MATERIALS PROVIDED |
^^^^^^^^^^^^^^^^

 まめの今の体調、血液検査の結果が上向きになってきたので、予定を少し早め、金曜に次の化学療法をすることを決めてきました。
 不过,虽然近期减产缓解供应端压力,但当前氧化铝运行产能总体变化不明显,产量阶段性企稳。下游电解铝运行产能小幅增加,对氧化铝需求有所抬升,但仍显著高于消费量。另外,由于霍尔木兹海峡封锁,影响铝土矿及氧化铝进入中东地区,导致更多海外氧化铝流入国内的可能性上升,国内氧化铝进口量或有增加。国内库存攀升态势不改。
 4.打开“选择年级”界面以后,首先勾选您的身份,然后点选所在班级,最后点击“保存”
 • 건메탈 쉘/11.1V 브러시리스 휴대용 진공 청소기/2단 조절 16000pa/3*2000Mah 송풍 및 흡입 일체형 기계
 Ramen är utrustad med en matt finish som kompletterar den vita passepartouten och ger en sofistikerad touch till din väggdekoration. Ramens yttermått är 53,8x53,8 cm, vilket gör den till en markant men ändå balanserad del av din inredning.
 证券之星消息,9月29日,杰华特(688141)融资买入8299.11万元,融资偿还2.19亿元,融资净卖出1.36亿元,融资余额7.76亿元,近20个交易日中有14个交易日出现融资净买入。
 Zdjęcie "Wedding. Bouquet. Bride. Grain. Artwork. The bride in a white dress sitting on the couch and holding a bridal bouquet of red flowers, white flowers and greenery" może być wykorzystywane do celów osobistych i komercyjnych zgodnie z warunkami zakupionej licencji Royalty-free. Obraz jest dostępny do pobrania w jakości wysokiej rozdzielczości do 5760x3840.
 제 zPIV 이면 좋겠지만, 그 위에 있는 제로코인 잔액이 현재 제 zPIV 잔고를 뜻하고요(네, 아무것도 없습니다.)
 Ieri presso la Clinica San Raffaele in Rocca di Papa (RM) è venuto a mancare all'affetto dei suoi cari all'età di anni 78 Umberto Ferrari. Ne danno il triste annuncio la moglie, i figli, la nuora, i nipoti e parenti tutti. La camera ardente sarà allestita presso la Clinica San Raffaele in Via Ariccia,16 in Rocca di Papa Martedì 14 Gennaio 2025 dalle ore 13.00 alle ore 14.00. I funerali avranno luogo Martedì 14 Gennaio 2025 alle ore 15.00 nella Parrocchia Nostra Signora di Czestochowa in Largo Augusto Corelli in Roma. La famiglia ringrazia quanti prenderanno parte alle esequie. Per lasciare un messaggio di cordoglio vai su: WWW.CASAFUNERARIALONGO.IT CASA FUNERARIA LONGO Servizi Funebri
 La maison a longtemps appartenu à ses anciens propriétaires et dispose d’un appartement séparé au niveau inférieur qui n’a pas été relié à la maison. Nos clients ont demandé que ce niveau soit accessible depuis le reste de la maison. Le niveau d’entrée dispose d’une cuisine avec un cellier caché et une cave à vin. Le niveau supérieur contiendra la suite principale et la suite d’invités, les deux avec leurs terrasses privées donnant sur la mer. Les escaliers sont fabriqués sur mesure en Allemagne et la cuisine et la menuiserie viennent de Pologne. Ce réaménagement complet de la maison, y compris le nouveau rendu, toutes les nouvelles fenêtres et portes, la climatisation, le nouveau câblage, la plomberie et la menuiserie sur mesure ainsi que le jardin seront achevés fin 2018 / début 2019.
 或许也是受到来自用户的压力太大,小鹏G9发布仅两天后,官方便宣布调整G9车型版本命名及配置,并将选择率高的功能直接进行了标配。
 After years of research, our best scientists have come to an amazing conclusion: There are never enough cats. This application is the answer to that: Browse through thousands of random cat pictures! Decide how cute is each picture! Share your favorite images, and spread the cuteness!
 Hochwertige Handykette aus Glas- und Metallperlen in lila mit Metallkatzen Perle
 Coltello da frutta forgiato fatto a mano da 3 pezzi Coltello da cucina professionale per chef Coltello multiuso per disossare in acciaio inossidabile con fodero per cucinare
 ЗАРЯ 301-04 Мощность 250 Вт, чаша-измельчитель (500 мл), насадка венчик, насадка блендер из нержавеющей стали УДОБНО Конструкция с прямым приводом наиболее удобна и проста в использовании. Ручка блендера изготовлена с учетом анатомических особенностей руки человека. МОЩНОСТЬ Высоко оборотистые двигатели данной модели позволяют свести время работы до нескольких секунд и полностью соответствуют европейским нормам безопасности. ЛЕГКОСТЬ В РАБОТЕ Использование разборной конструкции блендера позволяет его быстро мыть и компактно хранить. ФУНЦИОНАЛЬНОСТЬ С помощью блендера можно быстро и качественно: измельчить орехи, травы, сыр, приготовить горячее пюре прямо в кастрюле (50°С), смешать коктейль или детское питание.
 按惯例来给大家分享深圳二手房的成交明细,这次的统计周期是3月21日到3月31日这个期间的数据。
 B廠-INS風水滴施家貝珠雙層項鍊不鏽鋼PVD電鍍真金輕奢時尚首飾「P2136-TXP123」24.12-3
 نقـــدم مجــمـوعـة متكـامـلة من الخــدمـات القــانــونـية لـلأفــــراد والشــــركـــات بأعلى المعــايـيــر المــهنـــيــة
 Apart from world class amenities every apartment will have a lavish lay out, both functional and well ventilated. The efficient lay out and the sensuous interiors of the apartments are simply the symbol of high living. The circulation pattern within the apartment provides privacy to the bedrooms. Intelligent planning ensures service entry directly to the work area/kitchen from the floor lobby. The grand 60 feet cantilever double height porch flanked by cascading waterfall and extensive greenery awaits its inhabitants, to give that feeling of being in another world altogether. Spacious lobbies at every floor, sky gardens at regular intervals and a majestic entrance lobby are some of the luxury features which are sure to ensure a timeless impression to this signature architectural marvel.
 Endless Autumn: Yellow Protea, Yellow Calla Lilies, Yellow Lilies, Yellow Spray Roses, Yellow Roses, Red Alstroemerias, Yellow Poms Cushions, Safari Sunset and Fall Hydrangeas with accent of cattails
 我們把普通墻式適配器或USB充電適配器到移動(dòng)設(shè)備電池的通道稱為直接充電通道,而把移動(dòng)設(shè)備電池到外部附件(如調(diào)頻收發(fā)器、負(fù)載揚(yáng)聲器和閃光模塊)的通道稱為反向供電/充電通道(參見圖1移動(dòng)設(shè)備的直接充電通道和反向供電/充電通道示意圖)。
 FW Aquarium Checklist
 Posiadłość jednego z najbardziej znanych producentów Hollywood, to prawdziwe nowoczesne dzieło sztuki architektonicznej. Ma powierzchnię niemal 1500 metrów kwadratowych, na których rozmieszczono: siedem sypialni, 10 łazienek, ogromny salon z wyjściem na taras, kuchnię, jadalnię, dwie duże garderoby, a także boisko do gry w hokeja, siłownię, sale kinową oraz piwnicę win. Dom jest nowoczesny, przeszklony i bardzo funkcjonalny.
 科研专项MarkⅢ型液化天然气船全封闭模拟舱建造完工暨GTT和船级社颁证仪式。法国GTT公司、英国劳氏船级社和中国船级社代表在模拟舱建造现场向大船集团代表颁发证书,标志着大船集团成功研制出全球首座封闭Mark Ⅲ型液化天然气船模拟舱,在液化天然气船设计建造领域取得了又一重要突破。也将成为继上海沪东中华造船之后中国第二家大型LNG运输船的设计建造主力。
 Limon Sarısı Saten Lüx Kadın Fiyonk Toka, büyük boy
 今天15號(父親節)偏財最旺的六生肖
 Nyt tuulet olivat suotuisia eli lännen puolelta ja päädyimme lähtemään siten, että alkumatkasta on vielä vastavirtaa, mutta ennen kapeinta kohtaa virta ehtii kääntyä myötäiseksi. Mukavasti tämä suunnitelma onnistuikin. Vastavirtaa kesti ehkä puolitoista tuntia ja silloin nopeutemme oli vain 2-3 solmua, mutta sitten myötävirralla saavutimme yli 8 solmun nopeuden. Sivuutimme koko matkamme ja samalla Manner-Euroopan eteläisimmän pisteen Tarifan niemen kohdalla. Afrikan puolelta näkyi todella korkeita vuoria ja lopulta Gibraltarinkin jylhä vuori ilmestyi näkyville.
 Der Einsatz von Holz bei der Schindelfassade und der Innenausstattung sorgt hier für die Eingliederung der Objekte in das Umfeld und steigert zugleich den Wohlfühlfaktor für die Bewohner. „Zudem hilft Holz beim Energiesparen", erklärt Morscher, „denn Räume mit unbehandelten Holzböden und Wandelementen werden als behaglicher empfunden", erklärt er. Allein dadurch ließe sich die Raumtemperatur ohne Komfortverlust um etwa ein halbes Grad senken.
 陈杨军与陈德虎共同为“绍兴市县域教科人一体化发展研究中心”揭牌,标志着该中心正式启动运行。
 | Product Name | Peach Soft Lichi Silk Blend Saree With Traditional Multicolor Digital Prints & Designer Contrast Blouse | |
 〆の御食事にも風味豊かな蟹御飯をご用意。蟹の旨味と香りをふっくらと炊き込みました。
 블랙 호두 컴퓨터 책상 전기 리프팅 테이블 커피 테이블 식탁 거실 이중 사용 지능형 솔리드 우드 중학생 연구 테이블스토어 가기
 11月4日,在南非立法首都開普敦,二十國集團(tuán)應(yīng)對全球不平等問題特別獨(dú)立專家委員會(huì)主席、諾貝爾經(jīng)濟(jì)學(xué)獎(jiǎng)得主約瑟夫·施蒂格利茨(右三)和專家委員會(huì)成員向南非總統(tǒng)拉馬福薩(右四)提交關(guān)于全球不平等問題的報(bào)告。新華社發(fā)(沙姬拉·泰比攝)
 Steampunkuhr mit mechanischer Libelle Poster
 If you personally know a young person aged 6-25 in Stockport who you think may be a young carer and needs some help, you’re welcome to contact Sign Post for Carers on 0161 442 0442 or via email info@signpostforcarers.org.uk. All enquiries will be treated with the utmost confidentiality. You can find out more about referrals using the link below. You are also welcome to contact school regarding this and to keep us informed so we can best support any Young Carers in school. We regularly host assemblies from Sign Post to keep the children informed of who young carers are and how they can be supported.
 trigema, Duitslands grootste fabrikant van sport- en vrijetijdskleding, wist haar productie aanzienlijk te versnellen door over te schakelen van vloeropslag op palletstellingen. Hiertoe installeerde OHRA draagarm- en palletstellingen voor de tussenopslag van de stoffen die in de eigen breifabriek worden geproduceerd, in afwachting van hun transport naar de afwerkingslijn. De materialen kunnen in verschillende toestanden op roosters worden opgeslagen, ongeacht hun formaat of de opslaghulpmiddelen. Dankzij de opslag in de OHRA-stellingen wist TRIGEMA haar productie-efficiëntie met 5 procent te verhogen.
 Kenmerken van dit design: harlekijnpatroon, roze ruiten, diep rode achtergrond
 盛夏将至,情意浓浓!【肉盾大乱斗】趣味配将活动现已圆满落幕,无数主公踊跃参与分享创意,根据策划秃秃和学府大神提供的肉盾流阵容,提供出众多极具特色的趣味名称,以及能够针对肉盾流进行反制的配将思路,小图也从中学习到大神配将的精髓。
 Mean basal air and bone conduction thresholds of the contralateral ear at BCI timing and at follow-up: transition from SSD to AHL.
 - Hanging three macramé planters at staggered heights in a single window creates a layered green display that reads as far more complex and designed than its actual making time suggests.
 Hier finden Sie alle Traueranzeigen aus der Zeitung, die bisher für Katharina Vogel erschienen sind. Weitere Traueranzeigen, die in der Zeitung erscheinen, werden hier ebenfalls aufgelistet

^^^^^^^^^^^^^^^^

REQUIREMENT | Of the entries above, transcribe exactly those lines that fall between the line containing "B廠-INS風水滴施家貝珠雙" and the line containing "Endless Autumn: Yellow", together with those two lines.

TASK SOLUTION |
 B廠-INS風水滴施家貝珠雙層項鍊不鏽鋼PVD電鍍真金輕奢時尚首飾「P2136-TXP123」24.12-3
 نقـــدم مجــمـوعـة متكـامـلة من الخــدمـات القــانــونـية لـلأفــــراد والشــــركـــات بأعلى المعــايـيــر المــهنـــيــة
 Apart from world class amenities every apartment will have a lavish lay out, both functional and well ventilated. The efficient lay out and the sensuous interiors of the apartments are simply the symbol of high living. The circulation pattern within the apartment provides privacy to the bedrooms. Intelligent planning ensures service entry directly to the work area/kitchen from the floor lobby. The grand 60 feet cantilever double height porch flanked by cascading waterfall and extensive greenery awaits its inhabitants, to give that feeling of being in another world altogether. Spacious lobbies at every floor, sky gardens at regular intervals and a majestic entrance lobby are some of the luxury features which are sure to ensure a timeless impression to this signature architectural marvel.
 Endless Autumn: Yellow Protea, Yellow Calla Lilies, Yellow Lilies, Yellow Spray Roses, Yellow Roses, Red Alstroemerias, Yellow Poms Cushions, Safari Sunset and Fall Hydrangeas with accent of cattails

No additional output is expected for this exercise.